In rendering this opinion, we have examined copies of (a) the Company’s Amended and Restated Certificate of Incorporation, as amended, and Amended and Restated By-Laws, each in the form filed as exhibits with the Commission, (b) the Registration Statement, (c) the Prospectus, (d) the Sales Agreement, and (e) such other records and documents as we have deemed advisable in order to render this opinion. In such examination, we have assumed the genuineness of all signatures, the legal capacity of all natural persons, that all parties (other than the Company as to the Sales Agreement) had the requisite power and authority (corporate or otherwise) to execute, deliver and perform such agreements or instruments, that all such agreements or instruments have been duly authorized by all requisite action (corporate or otherwise), executed and delivered by such parties, that such agreements or instruments are valid, binding and enforceable obligations of such parties, the authenticity of all documents submitted to us as originals, and the conformity to the originals or certified copies of all documents submitted to us as copies thereof.

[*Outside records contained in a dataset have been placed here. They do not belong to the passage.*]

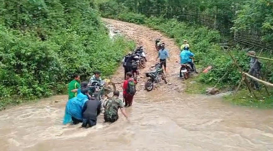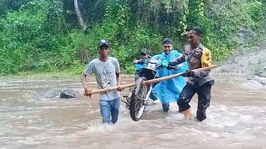 Selain itu, saat akan melintas di aliran sungai petugas harus bersama-sama mengangkat kendaraan menuju seberang dikarenakan volume aliran air sungai yang tinggi dan deras akibat hujan.
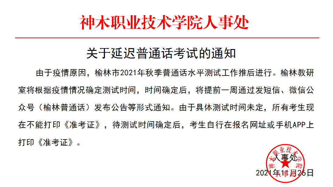 关于延迟普通话考试的通知
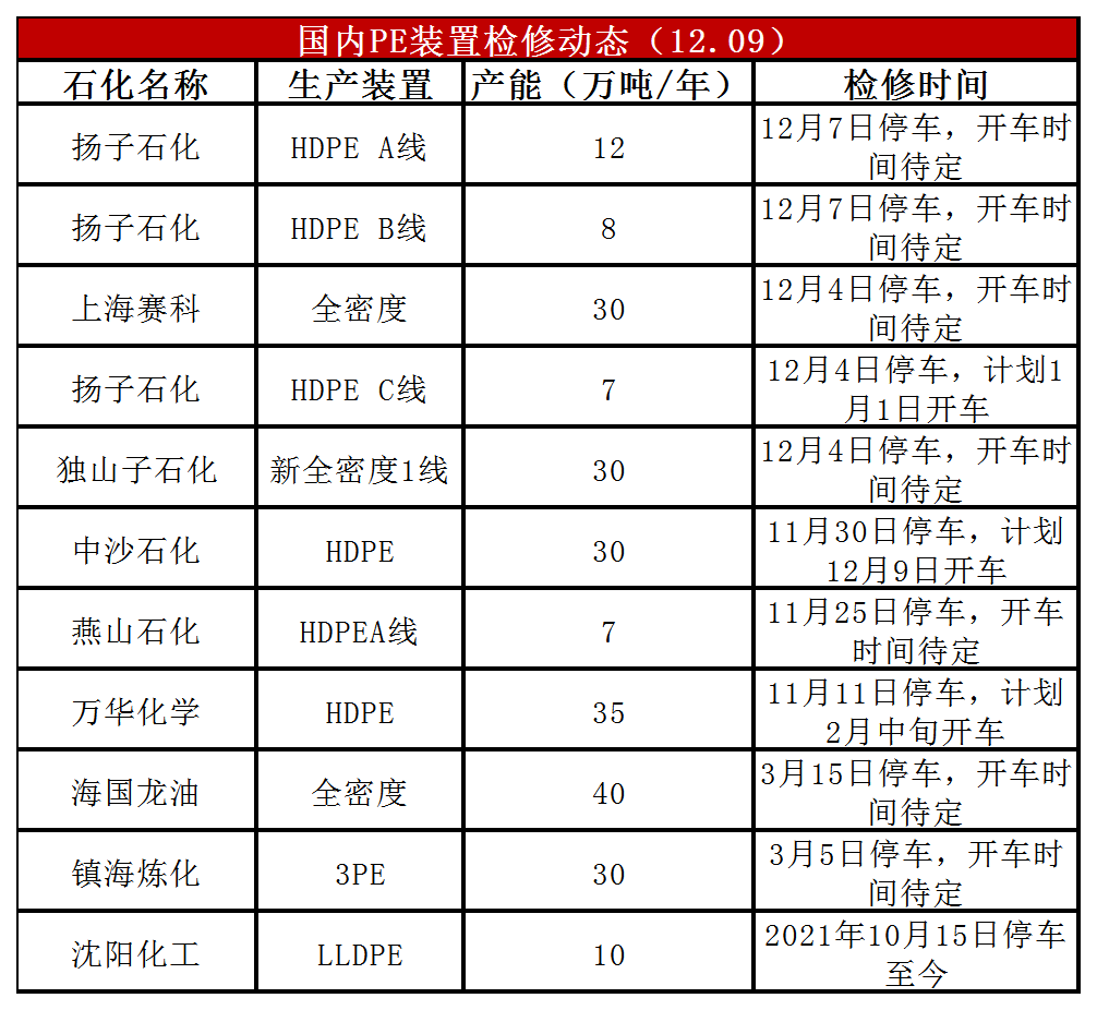 PE装置齐鲁石化低压开车,扬子石化低压停车,开工负荷维持91%左右,比上周下降1%,较去年同期上涨3%。中沙石化HDPE、上海赛科有开车计划,预计PE开工负荷小幅上涨。
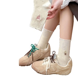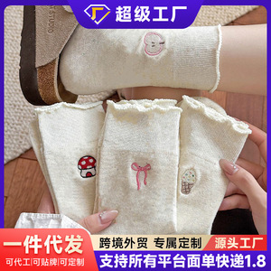 花边袜子女生春秋款中筒袜蝴蝶结ins简约百搭秋季舒适可爱学生袜
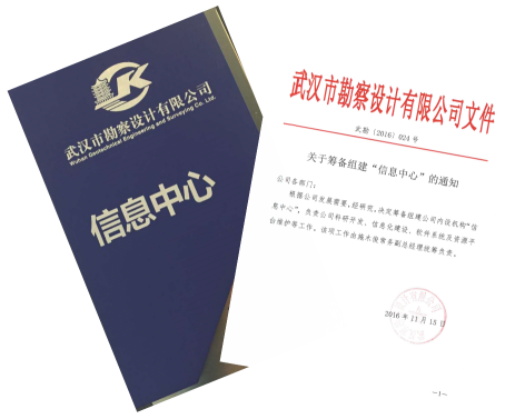 2017年1月1日,武漢市勘察設(shè)計(jì)有限公司正式下文成立信息中心,主要負(fù)責(zé)公司科研開發(fā)、信息化建設(shè)、軟件系統(tǒng)及資源平臺(tái)維護(hù)等工作。

In providing this opinion, we have further relied as to certain matters on information obtained from public officials and officers of the Company.
As a result of and subject to the foregoing, we are of the opinion that the Shares to be issued pursuant to the Sales Agreement have been duly authorized for issuance, and upon the issuance and delivery of the Shares against payment of the consideration therefor (not less than par value) in accordance with the terms of the Sales Agreement, the Shares will be validly issued, fully paid and non-assessable.
Our opinion expressed above is limited to the General Corporation Law of the State of Delaware, as currently in effect, and we express no opinion as to the effect on the matters covered by this letter of the laws of any other jurisdiction.
This opinion letter is expressly limited to the matters set forth above, and we render no opinion, whether by implication or otherwise, as to any other matters relating to the Company, the Shares, the Registration Statement or the Prospectus.
We hereby consent to the filing of this opinion as an exhibit to the Company’s Current Report on Form 8-K, which is incorporated by reference into the Registration Statement, and to the use of our name wherever it appears in the Registration Statement, the Prospectus, any Prospectus Supplement, and in any amendment or supplement thereto. In giving this consent, we do not hereby admit that we are within the category of persons whose consent is required under Section 7 of the Securities Act or the rules and regulations of the Commission promulgated thereunder.